Geneva’s SBD system was developed specifically to assist nurses and paramedics in the assessment of emergency calls. It is a mixed system between the protocol-driven system and the guideline-driven system.
The performance of this dispatch system specifically based on symptom assessment (the SBD system) does not appear to be superior to other emergency medical dispatch systems that use the same reference standard. Accurately identifying the symptoms presented by patients during the emergency call and measuring the severity prevalence for each symptom are essential for interpreting predictive values and comparing emergency medical dispatch systems. Implementing specific assessment protocols for each symptom can improve the accuracy of the symptom-based dispatch system.
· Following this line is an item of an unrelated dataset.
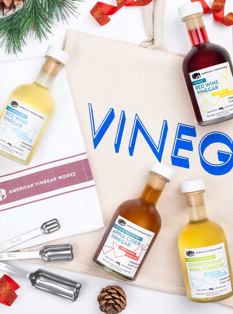 Includes four full sized glass bottles ( 8.5 oz/250ml) of our small-batch, barrel-aged vinegars.

Therefore, we propose that the development of new specific assessment protocols for each of the 53 symptoms should be continued and assessed.
The performance of emergency medical dispatching should be comparable to a universally agreed reference standard. The “dichotomized NACA scale” reference standard remains imperfect. It should be possible to compare the assessment scale used during the emergency call with an identical scale once the ambulance arrives at the intervention site.
Describing the symptoms presented by patients during emergency calls and measuring the quality of the assessments made should be the rule in emergency medical communication centres, not the exception. Future research is required to specify the reference standard and describe the rules to be applied to compare different emergency medical dispatching systems in a reliable manner.